(Extracted material begins)
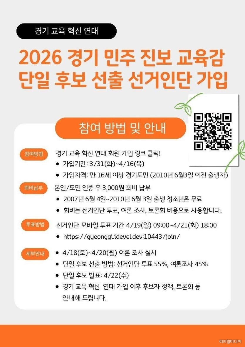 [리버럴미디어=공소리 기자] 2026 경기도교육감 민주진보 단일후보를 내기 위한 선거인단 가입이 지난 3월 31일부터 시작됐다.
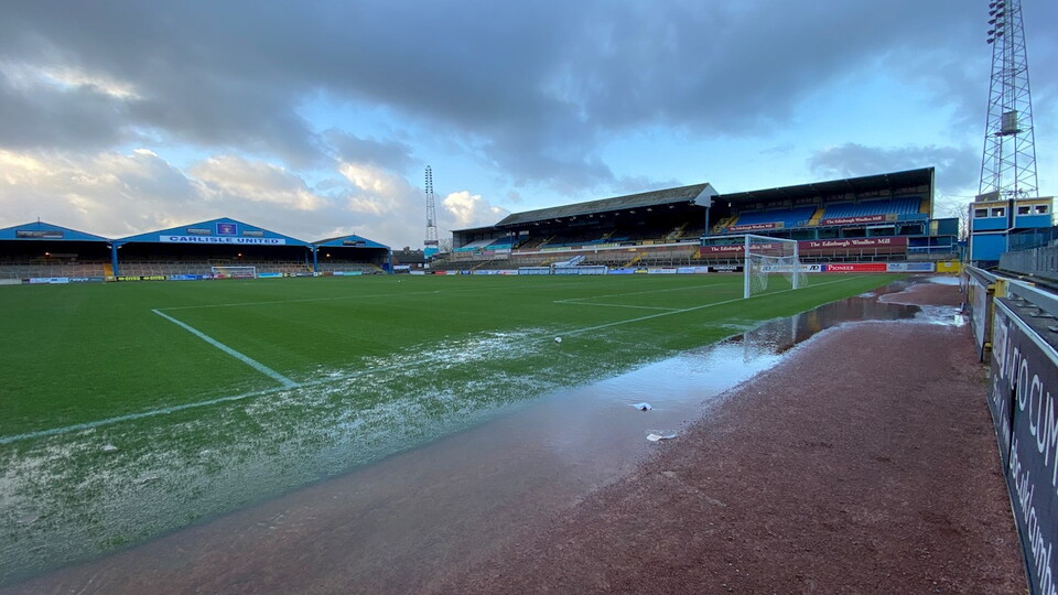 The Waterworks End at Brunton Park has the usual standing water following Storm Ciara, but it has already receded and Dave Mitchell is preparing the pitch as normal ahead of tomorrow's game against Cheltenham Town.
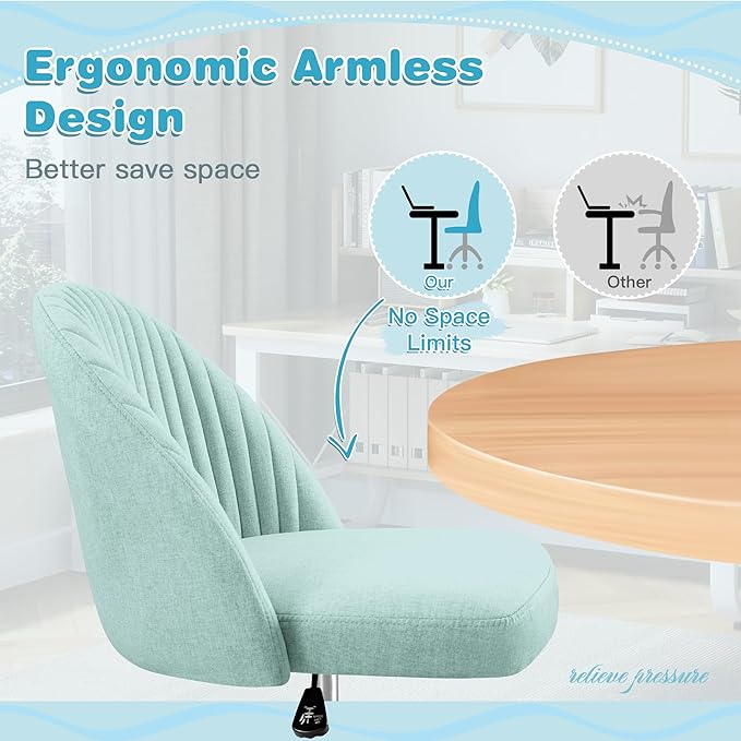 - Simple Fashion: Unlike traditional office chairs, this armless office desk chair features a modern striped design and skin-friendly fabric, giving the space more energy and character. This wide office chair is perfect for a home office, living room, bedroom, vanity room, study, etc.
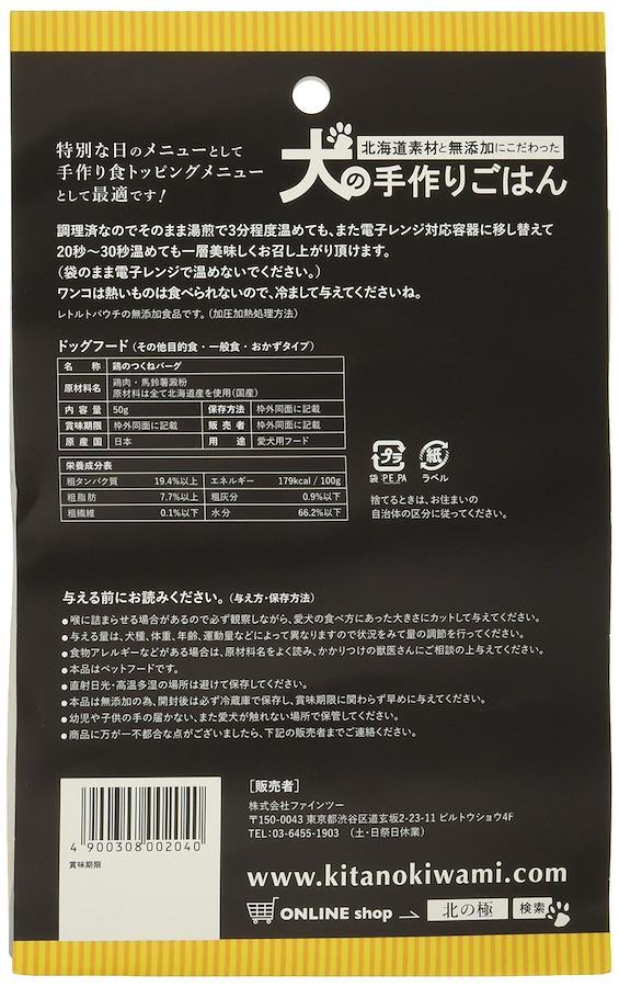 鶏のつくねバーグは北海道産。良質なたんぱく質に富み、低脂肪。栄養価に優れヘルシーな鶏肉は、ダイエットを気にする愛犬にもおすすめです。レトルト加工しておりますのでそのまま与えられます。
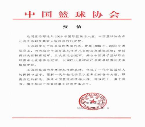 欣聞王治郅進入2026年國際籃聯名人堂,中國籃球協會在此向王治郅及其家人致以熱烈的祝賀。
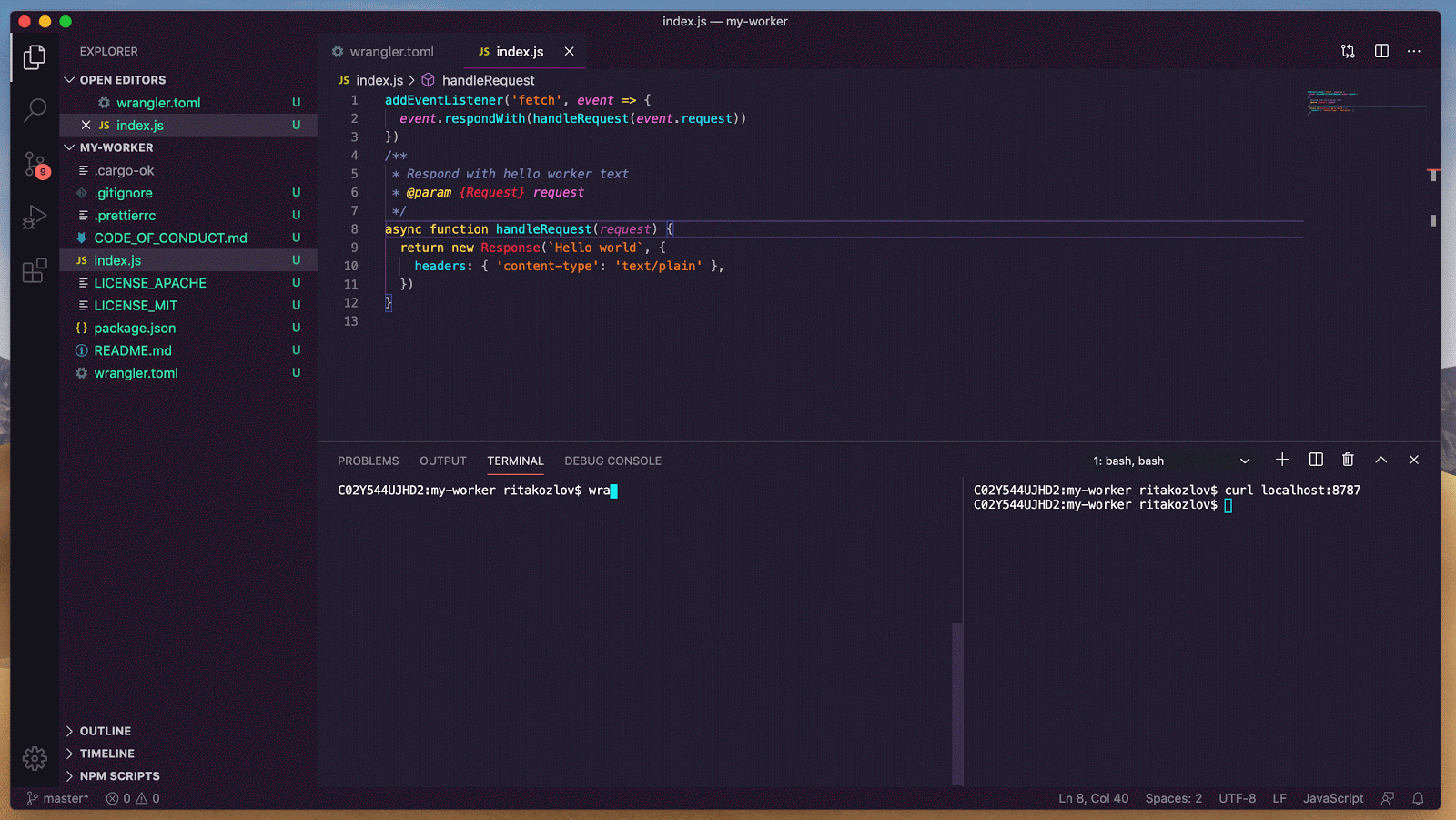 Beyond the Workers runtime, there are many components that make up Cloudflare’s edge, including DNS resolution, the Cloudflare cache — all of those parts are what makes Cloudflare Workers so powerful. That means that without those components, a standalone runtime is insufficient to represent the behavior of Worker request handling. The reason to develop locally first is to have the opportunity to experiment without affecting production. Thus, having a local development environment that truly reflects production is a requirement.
(Extracted material ends)
Your task is to copy only the lines above starting at the one containing "The Waterworks End" and ending at the one containing "- Simple Fashion: Unlike". Copy them exactly, both ends included, and omit the pictures.

## Solution to the problem
 The Waterworks End at Brunton Park has the usual standing water following Storm Ciara, but it has already receded and Dave Mitchell is preparing the pitch as normal ahead of tomorrow's game against Cheltenham Town.
 - Simple Fashion: Unlike traditional office chairs, this armless office desk chair features a modern striped design and skin-friendly fabric, giving the space more energy and character. This wide office chair is perfect for a home office, living room, bedroom, vanity room, study, etc.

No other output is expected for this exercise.